En la última reforma, de 1996, para introducir el balotaje se estableció una primera vuelta en octubre, pero “si… ninguna de las candidaturas obtuviese la mayoría exigida, se celebrará el último domingo del mes de noviembre del mismo año, una segunda elección entre las dos candidaturas más votadas”. Con lo cual se conservó la regla.

Esa regularidad es mucho más que una constante sabiamente fijada por los Constituyentes. Esa fijeza, se nos ha erigido en disposición del alma.

El último domingo de noviembre se nos eleva como un símbolo que ha permanecido por sobre las múltiples reformas y las modas. Es un hito inconmovible del modo nacional de resolver nuestro destino por un artiguista “nosotros mismos”, usando como herramienta pública el sufragio garantido, insospechable y acatado, logrado por luchas y angustias de los partidos tradicionales.

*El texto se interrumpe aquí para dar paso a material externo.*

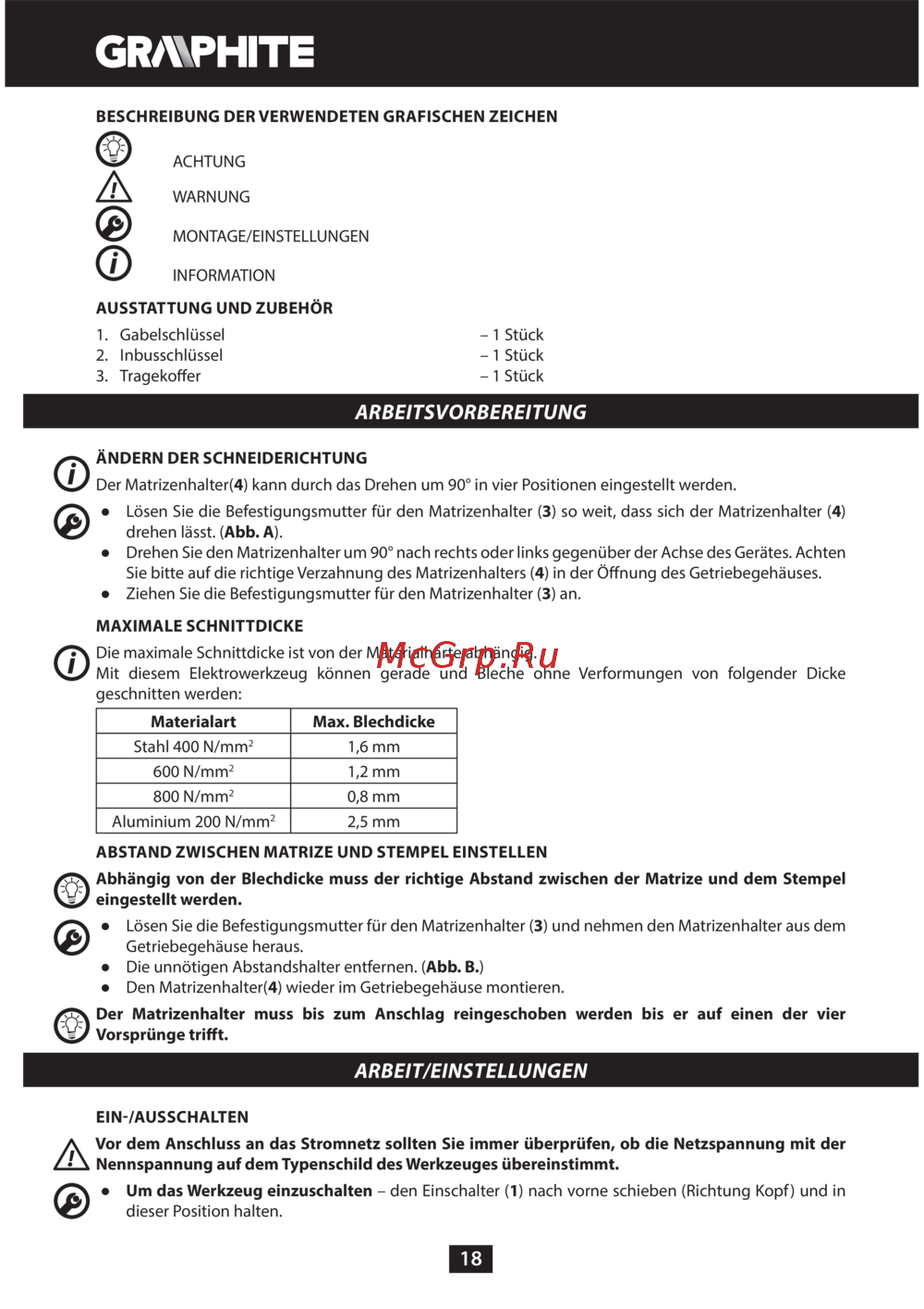 ![GRAPHITE 59G401 [18/104] Arbeitsvorbereitung](/views2/1382039/page18/bg12.png)
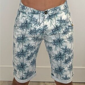 Zara White/Green Hybrid Shorts with Palm Tree Print

Ese símbolo conservó vigencia por sobre las quiebras institucionales. El imperativo de salvarlo está tan arraigado en el espíritu público que la dictadura cívico-militar de 1973 suspendió las elecciones, pero hizo custodiar el Registro Cívico Nacional, para cuando aclarase y se volviera a ensillar. Más aun: la cúpula militar rechazó el proyecto de suprimir los partidos y las elecciones, obligando a su autor, Juan María Bordaberry, a renunciar a la Presidencia.

No hay que olvidar estos antecedentes porque la persistencia de la fecha refleja el ideario que en el pasado infundió grandeza al Uruguay. Y porque en los principios de ese ideario deberán inspirarse las matrices de nuestro futuro. Para encarar los cambios de los nuevos tiempos, la receta no es demoler la sabiduría acumulada en lo que hicimos bien. Al revés, es enriquecerla.

Miremos a qué conduce eclipsar el rigor republicano. En la Argentina, el populismo kirchnerista admira dictaduras y se burla del rechazo de su pueblo en las urnas, maniobrando en la Justicia para sobreseer a su conductora y a su cohorte, en vez de juzgarlas. En Chile, el sostenido crecimiento económico disimuló las carencias de sensibilidad y formación de sus partidos y le entreveró elencos políticos con negocios, poniendo en entredicho la Constitución y en zozobra la convivencia. En Perú, tras licuar los partidos y hamacarse entre sucesivos Presidentes que terminaron presos, encaramó en el poder a un mandatario sin apresto para la función.

En cambio, nosotros estamos terminando 2021 con números auspiciosos y un presidente Lacalle Pou que cumple el programa que anunció en su campaña. Tenemos buenos motivos, pues, no solo para sentir orgullo por la vocación electoral de nuestro pueblo, sino para persistir en el rumbo democrático republicano que nos viene de la historia.

Por eso, las citas pacíficas en las urnas deben enriquecerse con la inquietud diaria de la ciudadanía por su propio destino. Hoy le toca al BPS, pero en dos años y medio tendremos internas partidarias y en menos de tres años viviremos la primera vuelta para el gobierno nacional. La libertad no es un proyecto a esperar del Estado. Es un mandato originario de cada persona. Por eso las elecciones definitorias, florecidas de jacarandá, no deben ser solo una movilización acarreada por propagandas.

Deben ser la cita de cada uno, y de todos, con el mayor de los capitales humanos: la esperanza reflexionada.